Records excerpted from a collection:
# # # # #

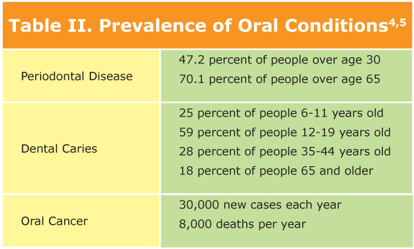 Oral diseases are some of the most prevalent conditions affecting adults and children today (Table 2). Every patient should be evaluated for their risks for periodontal disease, dental caries, and oral cancer. Because risk is fluid, assessment should be done on some level at each visit. However, after an initial baseline, the frequency and depth of each future assessment will depend on the currently identified risk. For example, people who smoke will be at a higher risk for both periodontal disease and oral cancer and may need more aggressive screenings than an individual who has never smoked and/or has no other risk factors present.
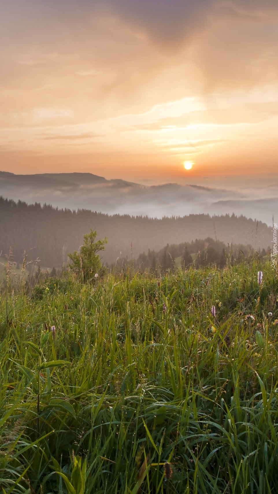 Edytor tapety: Zachód słońca nad górami i łąką
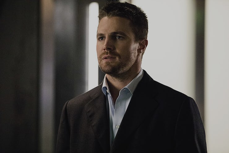 The mid season finale of Arrow snapped back to reality in the wake of the alien “Invasion!”, taking a hefty emotional toil on pretty much everyone in Team Arrow: Evelyn is a confirmed traitor, Felicity has lost her boyfriend, Curtis gets dumped, and Diggle has been captured. But they saved perhaps the most jaw-dropping moment for the final few seconds of this half-season. After a sad-and-wounded tryst with Susan Williams in her apartment, Oliver returns to the Arrow-cave for this bombshell to happen:
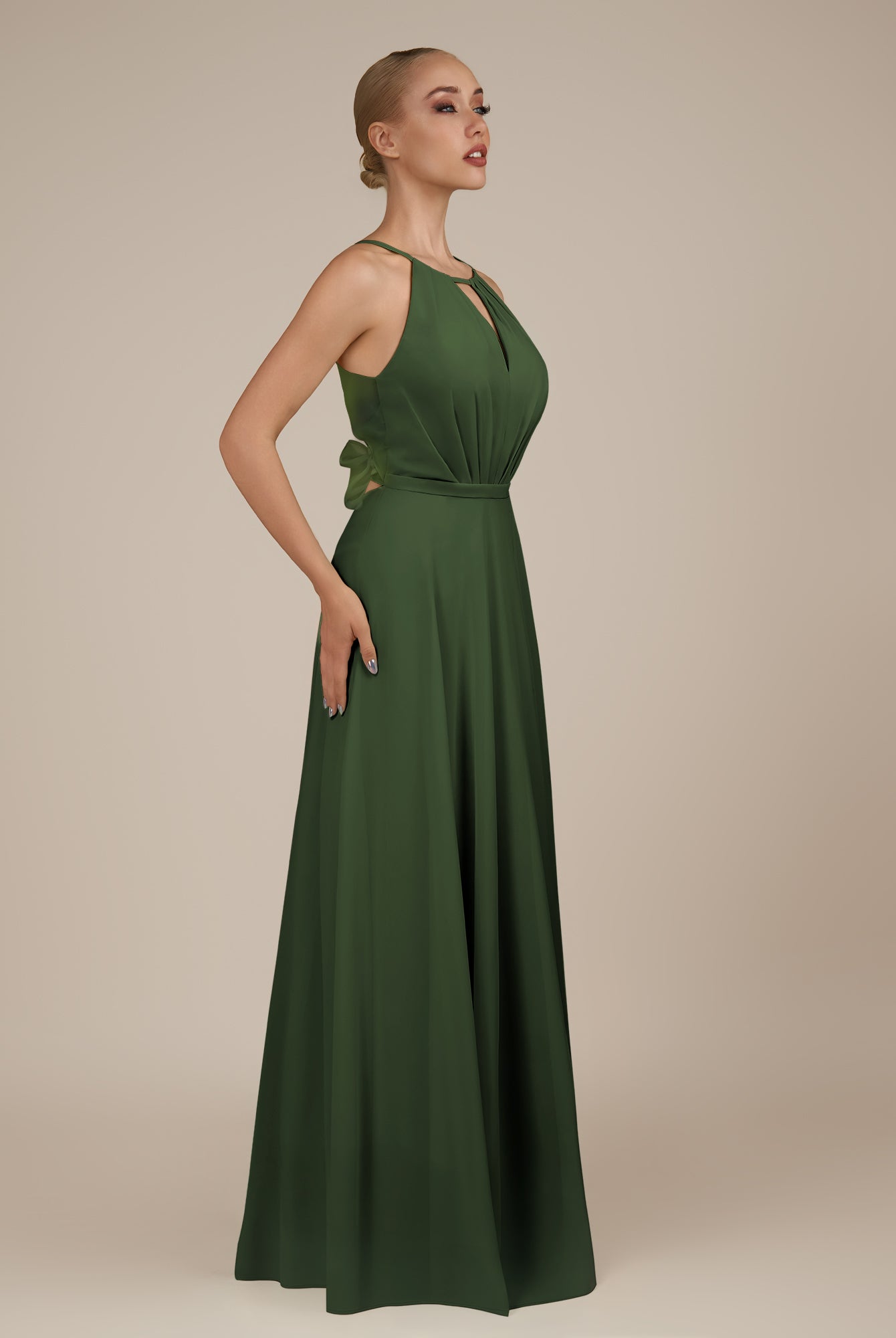 Illyria | Moss - A Line Chiffon Halter Neck Long Bridesmaid Dress with Cut Out
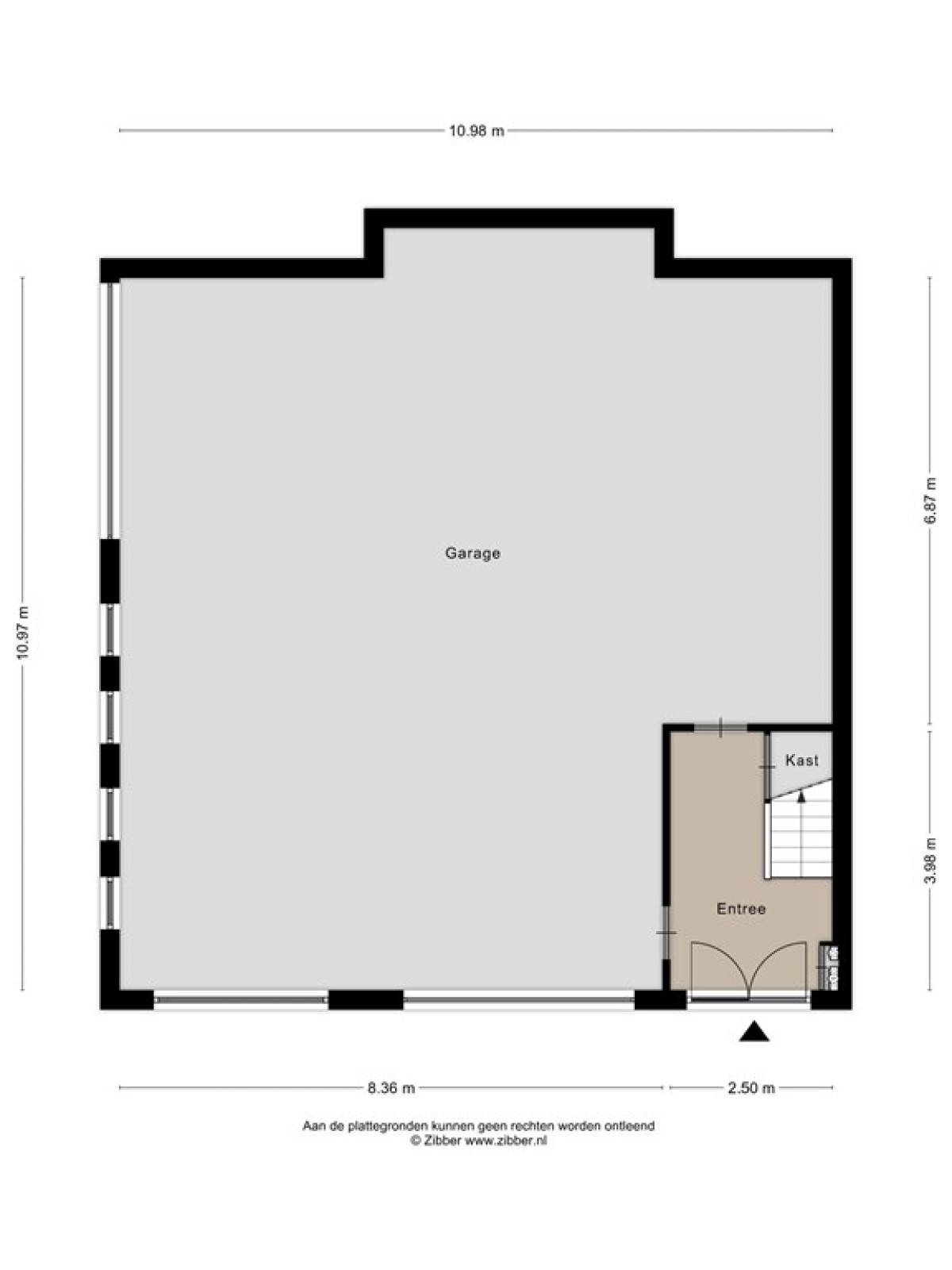 Beneden een ruimte van maar liefst 127m² met aan 2 kanten een garagedeur die hoog genoeg is voor o.a. een camper of bus.
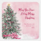 Uma adorável pinheiro verde na floresta, todos vestidos com bolhas de Natal cor-de-rosa, poinsettia decorativa e fita. Quem imaginaria essa visão mágica na neve? Claro que esta árvore de férias baleares brancos deve aparecer com um fundo rosa glorioso enquanto a neve cai. Nossa cena imaginária é de um design de aquarela vintage e vem com a saudação, "Que você tenha um Natal muito feliz" em texto rosa que pode ser editado. Certifique-se de alterar os nomes de exemplo e a data para aqueles que deseja. O design é demonstrado num autocolante quadrado, que se apresenta bem. No entanto, funciona bem e bonito na etiqueta redonda se preferir essa forma.
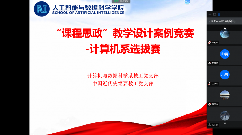 为落实“立德树人”根本任务,实施“铸魂育人”工程,提升教师课程思政建设的意识和能力,不断优化课程思政案例设计,切实把思想政治工作贯穿教育教学全过程,6月26日—29日,网赌app 与马克思主义网赌app 十个“结对共建”的教师党支部开展了线上“课程思政+思政课程”集体备课暨思政课教师指导专业课教师优化课程思政案例设计的教学研讨活动,网赌app 领导班子成员深入各教学部门参加活动。联系计算机与数据科学系教师党支部的校党委常委、副校长段国林参加了本次活动并予以指导。
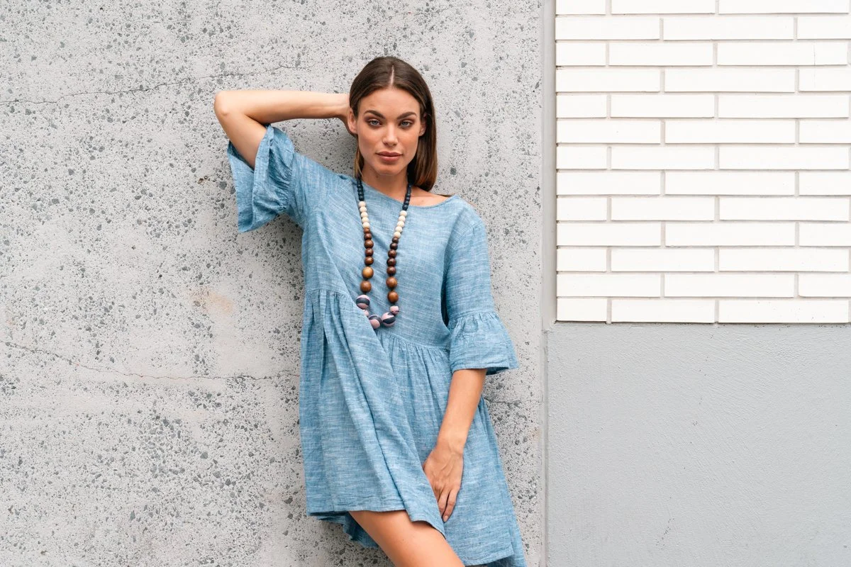 A woman in a blue dress with puffed sleeves and a beaded necklace stands against a textured concrete wall and a white brick wall.

# # # # #

Please repeat exactly the data above from its first line to the line that contains "The mid season", inclusive, and leave every picture out.

• Answer box:
 Oral diseases are some of the most prevalent conditions affecting adults and children today (Table 2). Every patient should be evaluated for their risks for periodontal disease, dental caries, and oral cancer. Because risk is fluid, assessment should be done on some level at each visit. However, after an initial baseline, the frequency and depth of each future assessment will depend on the currently identified risk. For example, people who smoke will be at a higher risk for both periodontal disease and oral cancer and may need more aggressive screenings than an individual who has never smoked and/or has no other risk factors present.
 Edytor tapety: Zachód słońca nad górami i łąką
 The mid season finale of Arrow snapped back to reality in the wake of the alien “Invasion!”, taking a hefty emotional toil on pretty much everyone in Team Arrow: Evelyn is a confirmed traitor, Felicity has lost her boyfriend, Curtis gets dumped, and Diggle has been captured. But they saved perhaps the most jaw-dropping moment for the final few seconds of this half-season. After a sad-and-wounded tryst with Susan Williams in her apartment, Oliver returns to the Arrow-cave for this bombshell to happen:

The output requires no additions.